→ **Description of the task**: If the records below hold pictures, omit them, and print exactly the lines from the first line through the line containing "For our Civil", inclusive.

───

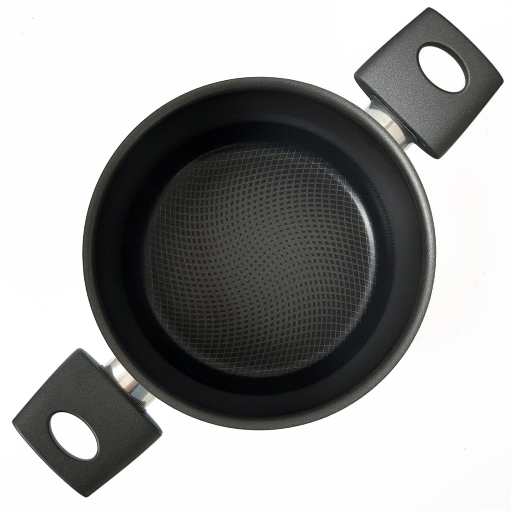 Hrnec ma dno o tloustce 3,0 mm, uzitecne kdyz chces stabilni teplotu: u polevek, dusenych jidel nebo receptu, ktere se nemaji uspet. Navic dve madla pomahaji k bezpecne manipulaci i kdyz je hrnec plny.
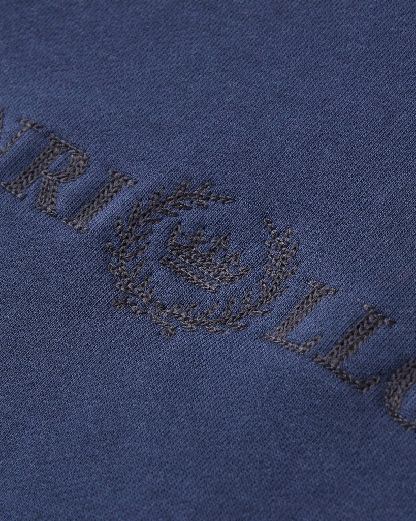 This Henri Lloyd Lytham Crew Neck Sweat in navy blue offers refined comfort through its heavyweight 315gsm brushback fabric, ensuring durability and a soft touch. Thoughtfully designed with ribbed collar and cuffs, it features distinctive large chain stitch branding on the chest, merging timeless craftsmanship with contemporary style. Ideal for those seeking understated elegance in casual wear.
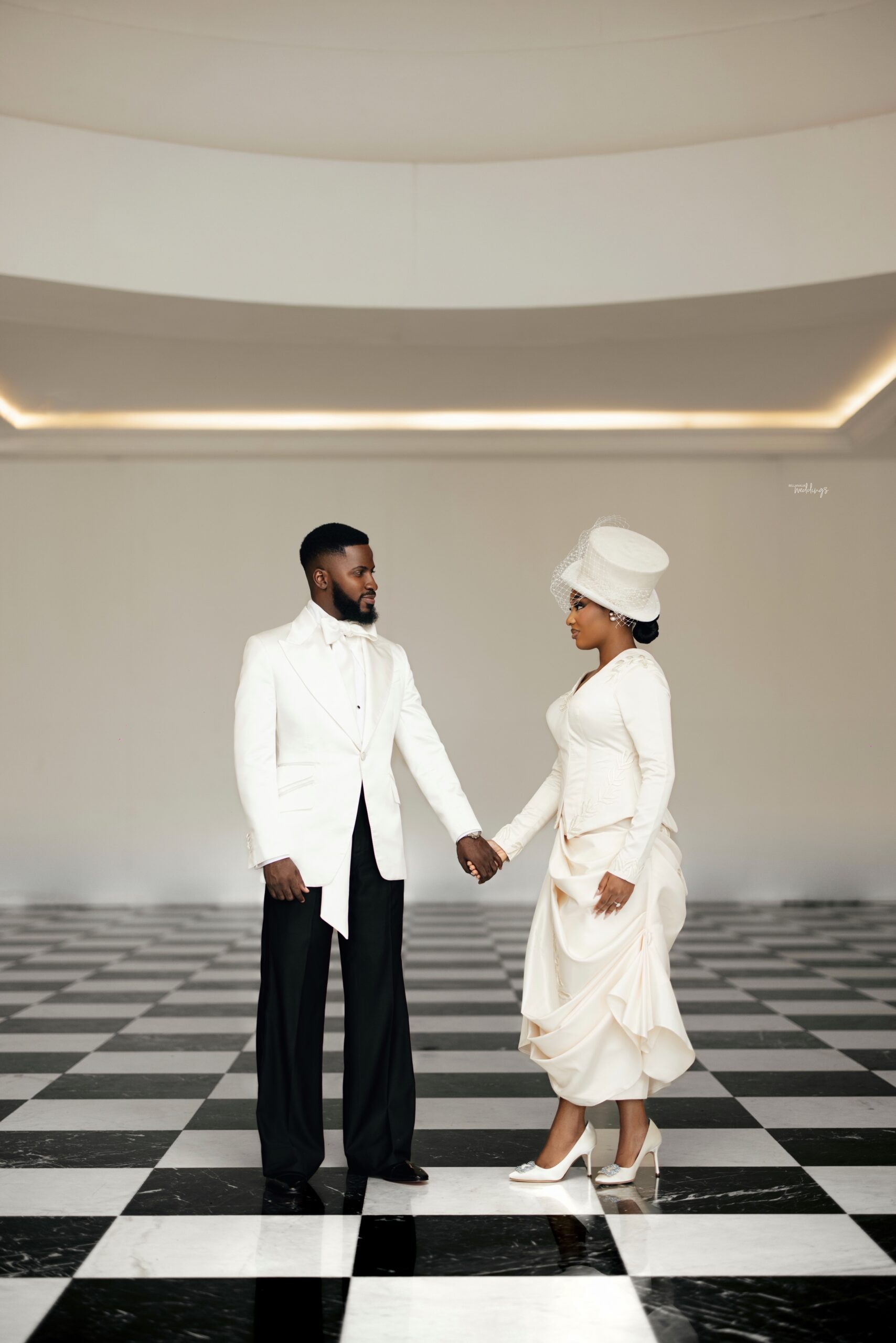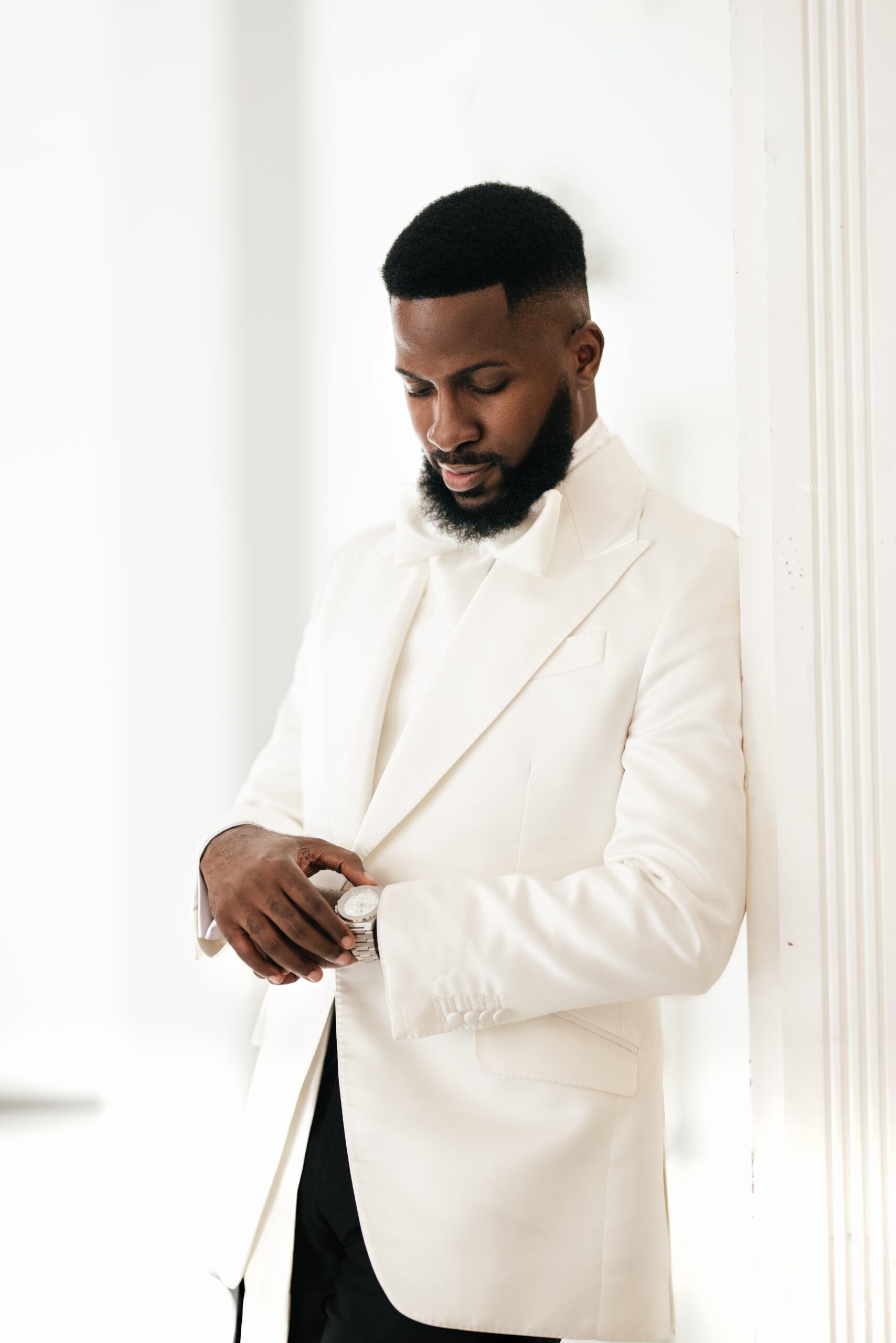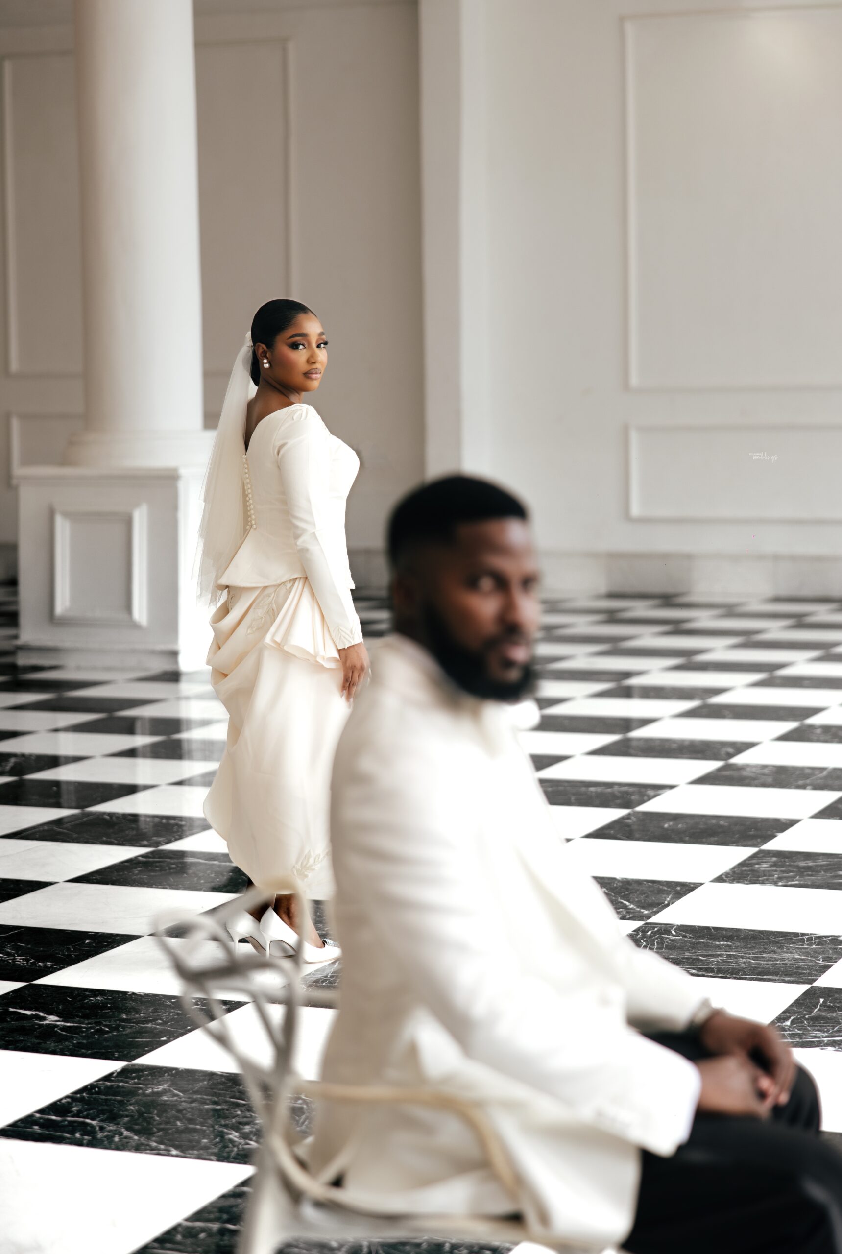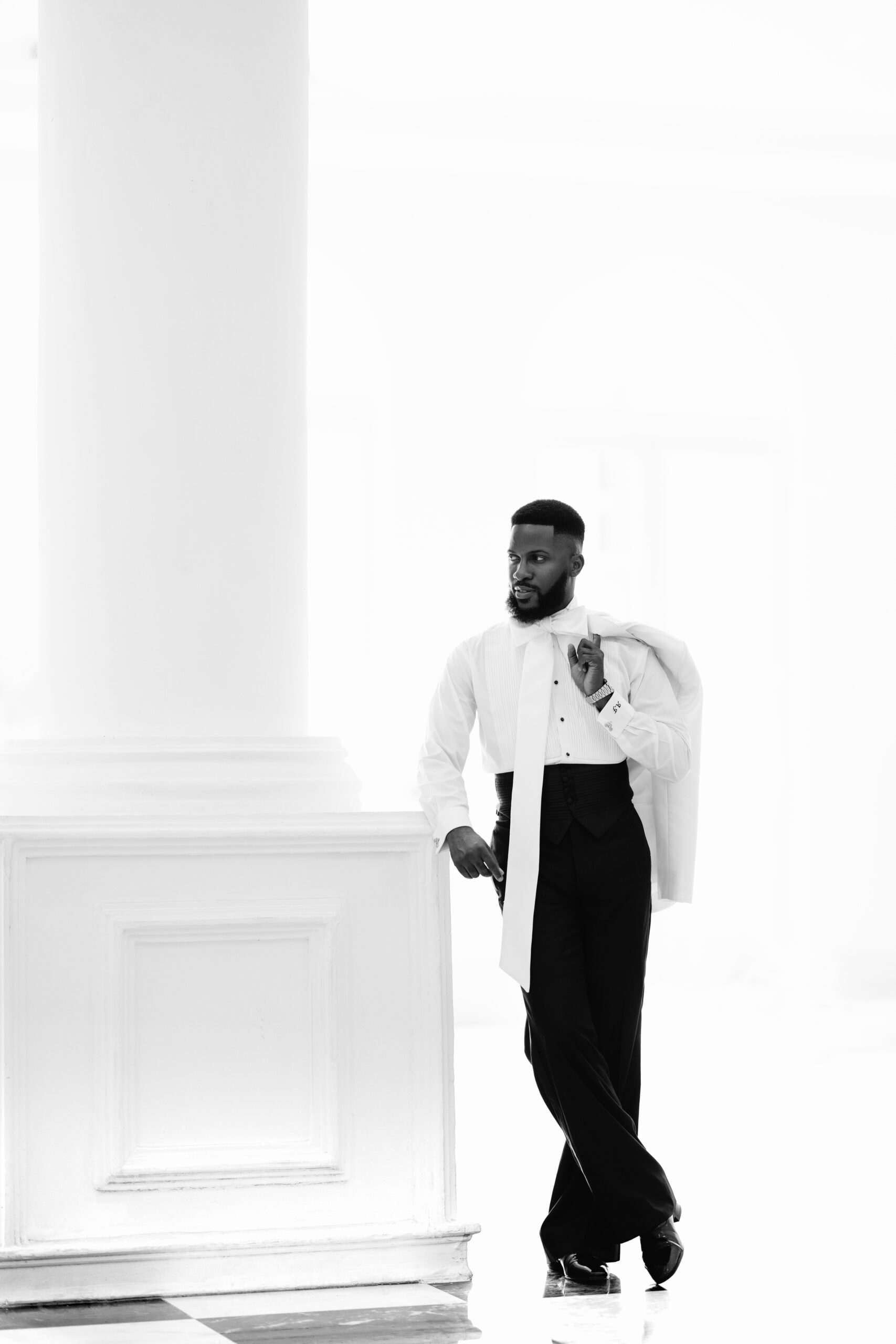 For our Civil Wedding Style journey, three words came to mind: ‘Timeless, Stylish, Classic’. We wanted to create looks that were both classic and contemporary, creating a perfect mix of both elements very intentionally. Akin has always championed wearing Nigerian, and this wasn’t going to be any different. Our First Look was exactly that, striking and classic on first glance, however the real work was in the details .. Akin’s suit had intentionality in every detail, from the Dior inspired bow tie with an unconventional twist, to the pleats on the shirt, the unconventional shape of the cummerbund with pleats and buttons, and a perfectly tailored ivory tuxedo from “Deji & Kola” paired with Christian Louboutin shoes.
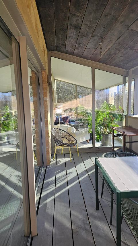 The house is upside down, with living space on the first floor and bedrooms on the lower ground floor, with parking on the roof. The top of the building is the entrance and garage and has parking for 6 vehicles. The bedrooms and living space have access to a balcony and the living space is approx 450m2.
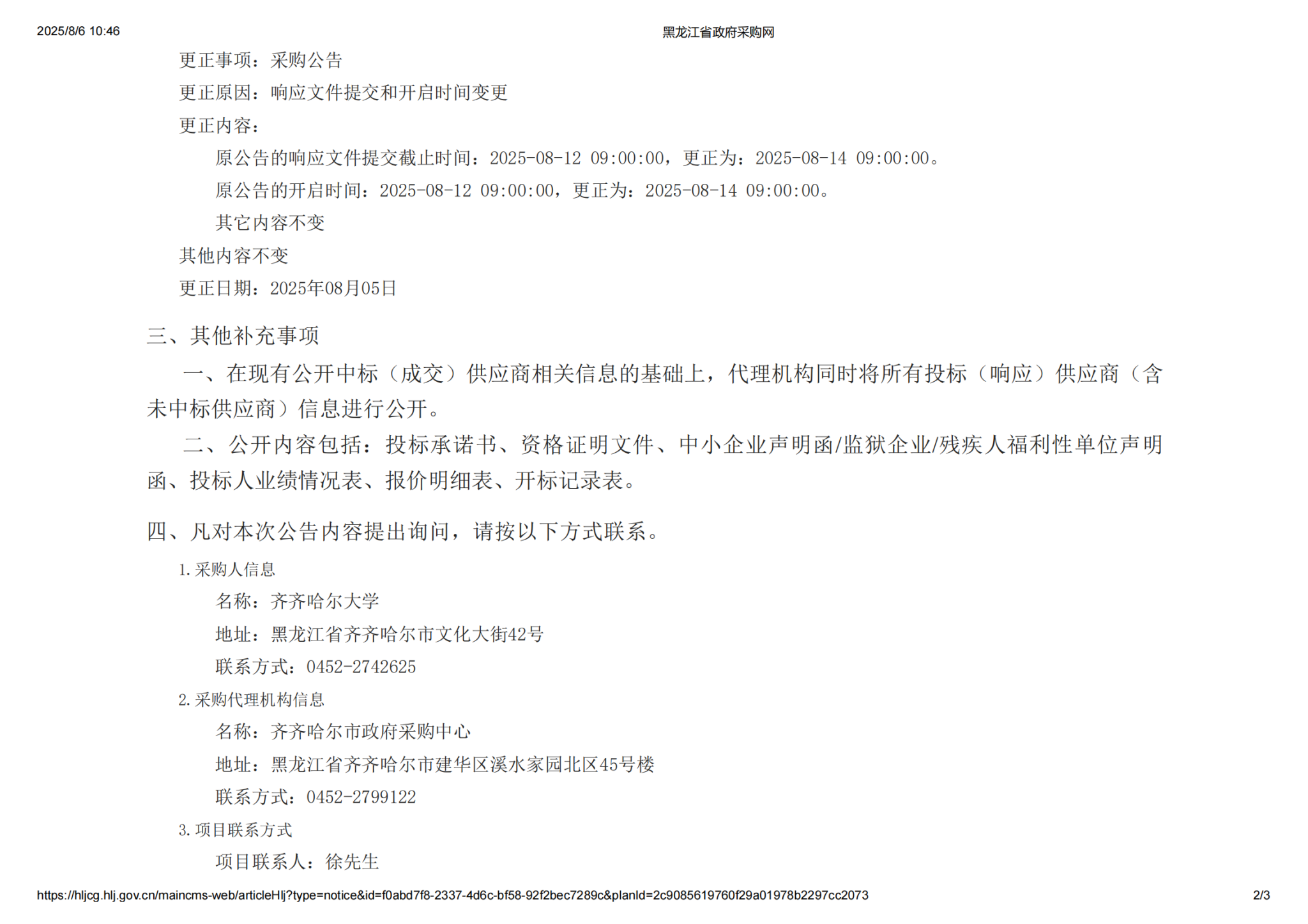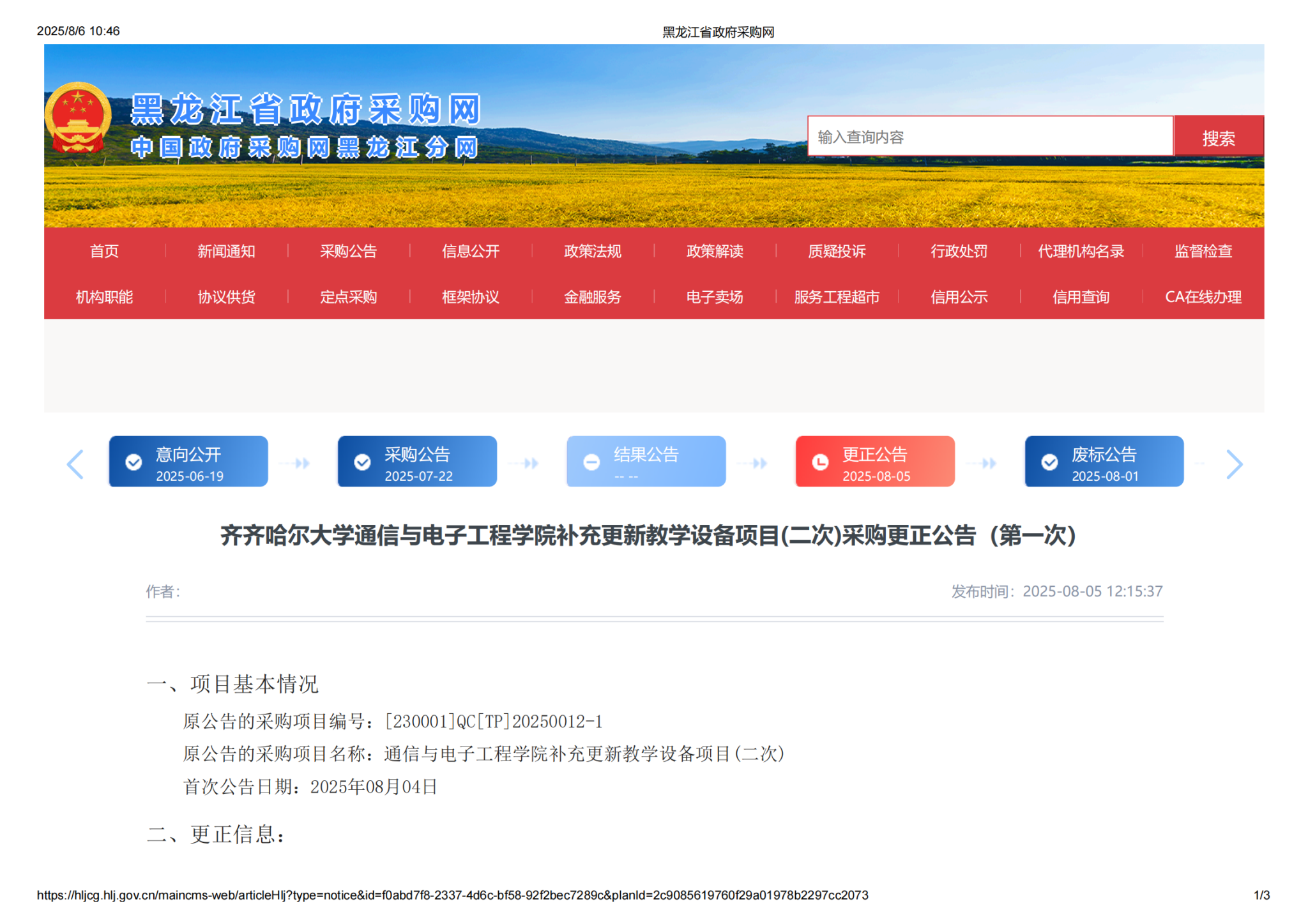 下一條:齊齊哈爾大學(xué)危險化學(xué)品暫存站維修(增加)項目(第2次)比價采購公告(轉(zhuǎn)自黑龍江省政府采購網(wǎng))

───

→ **Solved problem**:
 Hrnec ma dno o tloustce 3,0 mm, uzitecne kdyz chces stabilni teplotu: u polevek, dusenych jidel nebo receptu, ktere se nemaji uspet. Navic dve madla pomahaji k bezpecne manipulaci i kdyz je hrnec plny.
 This Henri Lloyd Lytham Crew Neck Sweat in navy blue offers refined comfort through its heavyweight 315gsm brushback fabric, ensuring durability and a soft touch. Thoughtfully designed with ribbed collar and cuffs, it features distinctive large chain stitch branding on the chest, merging timeless craftsmanship with contemporary style. Ideal for those seeking understated elegance in casual wear.
 For our Civil Wedding Style journey, three words came to mind: ‘Timeless, Stylish, Classic’. We wanted to create looks that were both classic and contemporary, creating a perfect mix of both elements very intentionally. Akin has always championed wearing Nigerian, and this wasn’t going to be any different. Our First Look was exactly that, striking and classic on first glance, however the real work was in the details .. Akin’s suit had intentionality in every detail, from the Dior inspired bow tie with an unconventional twist, to the pleats on the shirt, the unconventional shape of the cummerbund with pleats and buttons, and a perfectly tailored ivory tuxedo from “Deji & Kola” paired with Christian Louboutin shoes.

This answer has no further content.